Price Earnings Ratio
In various articles on Compareallbrokers.com we emphasize that it is unwise to just randomly invest in shares without first doing thorough preliminary research . One of the factors that you should take into account when performing your analyses in the total picture is determining the price-earnings ratio of a share. In this article we explain to you how to make this calculation and what conclusions you can draw from it.
What is the price earnings ratio?
The calculation of the price-earnings ratio is actually self-explanatory. You take the current share price of a company and divide it by the profit per share. You can find this information on the website of the AEX and other international stock exchanges . The height of the price-earnings ratio is a global indication that shows how the share is valued by other investors and whether they expect a higher or lower profit.

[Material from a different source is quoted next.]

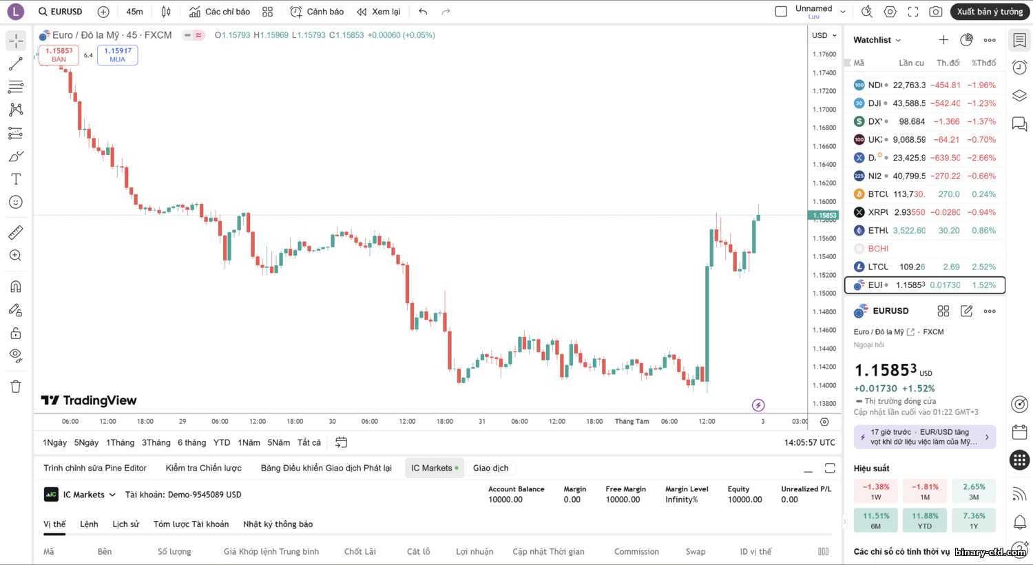 Vì sao TradingView? Thư viện chỉ báo lớn (bao gồm script cộng đồng), biểu đồ xuất sắc, layout tùy chỉnh và chức năng cộng đồng (ý tưởng, chat, stream). Nhiều trader mới ưa phân tích trên TradingView — IC Markets giúp việc này trở nên đơn giản.

If a company does not make any profit at all (yet), then no price-earnings ratio can be determined.
Interpretation of the outcome
If the outcome of the partial sum is between 0 and 10, this can mean two things: either the share price is undervalued or the company’s profit is (expected to) decrease. If the outcome is between 10 and 17, investors assume that there is a reasonable price-earnings ratio and stable business development. If the outcome of the partial sum is between 17 and 25, the share price is overvalued or the profit expectations for the share are extremely high. If the price-earnings ratio exceeds 25, investors expect the company to have a very bright future.
Netflix stock with a price-earnings ratio of over 300 is a good example of this. However, such an extremely high value can also mean that the high price of the stock is ultimately nothing more than an inflated bubble, which will burst at some point if the company cannot meet its profit expectations, for example. If the bubble bursts, the price of the stock will plummet rapidly.
No golden formula
As you can see, the outcome of the partial sum can have 2 different meanings in many cases. The price-earnings ratio is therefore not a kind of golden formula with which you can quickly track down undervalued shares . You will also still have to delve into the actual business activities in order to better understand the result of the price-earnings ratio. For example, are there any company takeovers in the pipeline, has the company suffered damage to its image due to an unwise action or is a large accounting depreciation expected? These are just a few factors that can influence the final price of a share.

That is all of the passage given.